On the 2nd of July, the Transport Ministry of the People’s Republic of China elevated its security level for vessels transiting the Strait of Malacca to ‘3’, the highest. As a frame of reference, during the recent Gulf flare-up between the United States and Iran, the Strait of Hormuz remained at ‘level 2’.
The Singaporean Maritime and Port Authority commented on the 5th of July that “it had not received any information on immediate threats to ships heading through the Straits of Malacca and Singapore”. Malaysia’s transport ministry said that it was aware of the announcement but declined to comment, while the head of the Indonesian Maritime Security Agency is “looking into the issue [but] doesn’t know why China raised the alert level.”
For not one, but all three regional chaperones of the Strait to be clueless as to a specific threat seems nearly impossible. Compounding this, international shipping security experts have also metaphorically shrugged their shoulders.
Concerning the threat specifically, it is certainly lacking in body. China Cosco Shipping Group, an oil and gas transporter said that it had received information that “a certain Indonesian organisation is preparing to attack Chinese ships when passing through the Strait of Malacca”.
Most likely, the elevated threat warning has nothing to do whatsoever with non-state armed groups anywhere near the Strait, but rather, is a fait accompli which the PRC can activate to justify increased naval presence in the region. Is it just a security alert or are Chinese ambitions more strategically?
The Strait of Malacca is the linchpin of most Asian economies, particularly for oil imports from the Middle East, and product exports to Europe; rerouting around Sumatra would create all sorts of problems for Thailand, Indonesia, Vietnam, Singapore, South Korea, Japan and Taiwan, as well as China. In fact, the Strait is the 2nd most critical oil and gas conduit after Hormuz, and plays host to a quarter of all global trade.
The area is certainly vulnerable to traditional security actors, perhaps even more so than “a certain Indonesian organization.” A recent strategic paper on the Strait of Malacca highlights the twin-threats of conventional submarines, as well as light torpedo and anti-missile ship carrying craft capable of exerting control over the congested and narrow waterway.
Increased Chinese activity in the Strait of Malacca may also be symbolic of growing confidence in South China Sea positions, and a desire to project beyond their confines.
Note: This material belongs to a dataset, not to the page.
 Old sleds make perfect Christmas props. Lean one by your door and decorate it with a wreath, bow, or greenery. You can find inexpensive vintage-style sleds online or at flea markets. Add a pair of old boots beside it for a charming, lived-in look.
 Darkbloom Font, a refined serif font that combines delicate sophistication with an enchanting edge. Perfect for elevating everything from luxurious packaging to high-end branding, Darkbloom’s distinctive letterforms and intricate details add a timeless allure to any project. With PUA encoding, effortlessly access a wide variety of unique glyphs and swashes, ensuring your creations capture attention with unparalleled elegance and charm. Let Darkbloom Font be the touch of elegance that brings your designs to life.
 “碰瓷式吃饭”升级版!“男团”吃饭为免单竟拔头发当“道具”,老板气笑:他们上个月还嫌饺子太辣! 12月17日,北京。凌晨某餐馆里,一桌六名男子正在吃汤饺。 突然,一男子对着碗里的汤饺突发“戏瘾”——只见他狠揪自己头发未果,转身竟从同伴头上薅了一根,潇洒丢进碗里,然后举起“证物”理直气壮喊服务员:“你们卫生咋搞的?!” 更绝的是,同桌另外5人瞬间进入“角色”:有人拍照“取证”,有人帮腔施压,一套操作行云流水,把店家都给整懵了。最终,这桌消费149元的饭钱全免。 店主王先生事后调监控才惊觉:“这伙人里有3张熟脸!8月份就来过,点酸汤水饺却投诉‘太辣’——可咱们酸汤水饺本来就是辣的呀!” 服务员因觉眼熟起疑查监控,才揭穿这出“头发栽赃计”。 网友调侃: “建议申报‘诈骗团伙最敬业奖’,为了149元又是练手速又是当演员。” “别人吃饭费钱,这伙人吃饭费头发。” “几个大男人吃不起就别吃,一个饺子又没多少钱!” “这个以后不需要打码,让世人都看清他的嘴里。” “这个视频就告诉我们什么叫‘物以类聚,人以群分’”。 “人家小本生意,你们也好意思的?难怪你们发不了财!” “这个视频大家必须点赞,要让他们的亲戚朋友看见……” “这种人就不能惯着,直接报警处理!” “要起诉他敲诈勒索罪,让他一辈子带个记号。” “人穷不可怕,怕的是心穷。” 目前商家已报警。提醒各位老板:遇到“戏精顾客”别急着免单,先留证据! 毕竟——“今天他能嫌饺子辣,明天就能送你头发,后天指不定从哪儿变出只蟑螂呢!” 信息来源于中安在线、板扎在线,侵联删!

Carl Schuster, a former US Navy Captain states “By controlling the South China Sea, China can project its air and sea power to the Pacific Ocean’s western entry points, Malacca, Sundra and Lombok Straits”. If true, then this recent announcement is only the opening salvo in a race to the chokepoints.
Additionally, parking forces in the Strait sends a clear signal to European powers, a la France, the UK and even (remarkably) Germany, who are re-engaging in the Pacific: the Chinese Navy holds the door from the West open, enter at your own risk. There is little denying that any force sailing from Europe to the South China Sea, or anywhere in the Indo-Pacific would transit through the Strait of Malacca, this is the exact route which the French Charles de Gaulle aircraft carrier took on its recent June 2019 deployment to Singapore, so this message may be intended to offer a sharp rebuke before European powers grow too comfortable regionally.
Only future deployments or appearances of Chinese naval vessels will quantify the above hypothesis, however, geopolitically “marking” the Strait of Malacca territorially establishes a de facto Chinese “sphere of influence”. Deployment, or similar announcements regarding other international arteries for trade and transport are not to be ruled out.